Icahn School of Medicine at Mount Sinai (Elmhurst Hospital Center) Elmhurst, NY, United States
Award: Presidential Poster Award
Jonathan Vincent M. Reyes, MD, MHA1, Tasur Seen, MD1, Bhanu Singh, MD1, Vennis Lourdusamy, MD1, Ahmed Al-Khazraji, MD2, Moiz Ahmed, MD1, Aaron Walfish, MD1 1Icahn School of Medicine at Mount Sinai (Elmhurst Hospital Center), Elmhurst, NY; 2Elmhurst Hospital Center, Elmhurst, NY
Introduction: Sarcomatoid tumors are rare biphasic tumors characterized by a mixture of malignant epithelial and mesenchymal cells that are usually identified in the lungs. In some instances, the tumors can also be found in the skin, bone, breast, GU tract, GI tract (GIT), thyroid gland, and salivary glands. When found in the small intestine, they have an incidence estimated to be 0.5 - 0.8 per 100,000 per year.
Case Description/Methods: A 61-year-old male presented with complaints of non-specific abdominal pain and unintentional weight loss of 30 lbs. Labs revealed normocytic anemia with a hemoglobin of 9.5. CT of the abdomen and pelvis demonstrated a 7.8 x 7.0 x 7.1 cm irregular, a heterogeneous mass contiguous with the duodenum, gastric antrum, and pancreas. Esophagogastroduodenoscopy revealed an edematous pylorus with a medium-sized fungating, polypoid, and ulcerated mass in the anterior wall of the duodenal bulb. Specimens were taken and underwent immunohistochemical staining. Findings were positive for s100 and negative for MCK, CD117, CD34, and SMA; The spindle cells were focally positive for EMA and negative for AE1/AE3, CAM5.2, and sox10. The final pathologic diagnosis was sarcomatoid carcinoma with osteoclast-like giant cells.
Discussion: 3 unique features of sarcomatoid tumors include the presence of a genuine sarcomatous component, no transitional zone between carcinomatous and sarcomatous components, and immunohistochemistry of the sarcomatous component that is positive for mesenchymal markers and negative for epithelial markers. Sarcomatoid carcinoma of the GIT is rare, typically occurring in the stomach, gallbladder, or esophagus.

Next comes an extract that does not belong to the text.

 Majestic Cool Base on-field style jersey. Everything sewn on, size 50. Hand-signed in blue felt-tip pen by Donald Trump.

It affects males more than females. The average age of diagnosis is 57 years old. Risk factors have not yet been established. The tumor tends to have an aggressive clinical course with an overall 5-year survival rate of about 20%. Immunohistochemistry is necessary for diagnosis as small intestine tumors have only minor histological differences. Immunohistochemical studies of the tumor show pleomorphic cells positive for cytokeratin AE1/AE3, CAM 5.2, and vimentin and negative for desmin, muscle-specific actin, CD34, DOG1, c-kit, and S-100. The only treatment is surgery with wide excision. Monoclonal antibodies against programmed death protein (PD-1) and its ligand, PD-L1, have promising antitumor activity in several other malignancies and may represent possible future non-surgical treatment options for this tumor.

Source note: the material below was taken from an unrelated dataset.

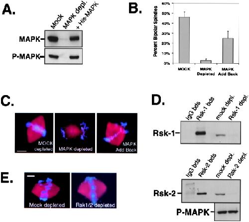 Figure 2. MAP kinase, not Rsk, is required for spindle assembly in Xenopus egg extracts. (A) Immunoblot analysis of endogenous MAP kinase protein and activity (p-MAPK antibody). (B) The efficiency of spindle assembly. 500 spindle structures were counted per sample. The data represent the average ± SEM obtained from three independent experiments. (C) Representative spindle structures. Bar, 10 μm. (D) immunoblots of Rsk1 and Rsk2. (E) Metaphase spindles assembled in mock- and Rsk1/2-depleted extracts. Bar, 10 μm. From three independent experiments the efficiency of spindle formation was ∼50% in mock- and Rsk1/2-depleted extracts (>100 spindle structures assessed per extract). Note: no statistical difference in microtubule density, spindle length, and spindle width was found between spindles formed in mock- or Rsk-depleted extracts (unpublished data).

Disclosures: Jonathan Vincent Reyes indicated no relevant financial relationships. Tasur Seen indicated no relevant financial relationships. Bhanu Singh indicated no relevant financial relationships. Vennis Lourdusamy indicated no relevant financial relationships. Ahmed Al-Khazraji indicated no relevant financial relationships. Moiz Ahmed indicated no relevant financial relationships. Aaron Walfish indicated no relevant financial relationships.
Jonathan Vincent M. Reyes, MD, MHA1, Tasur Seen, MD1, Bhanu Singh, MD1, Vennis Lourdusamy, MD1, Ahmed Al-Khazraji, MD2, Moiz Ahmed, MD1, Aaron Walfish, MD1. P3031 - A Rare Presentation of Sarcomatoid Carcinoma of Duodenum, ACG 2021 Annual Scientific Meeting Abstracts. Las Vegas, Nevada: American College of Gastroenterology.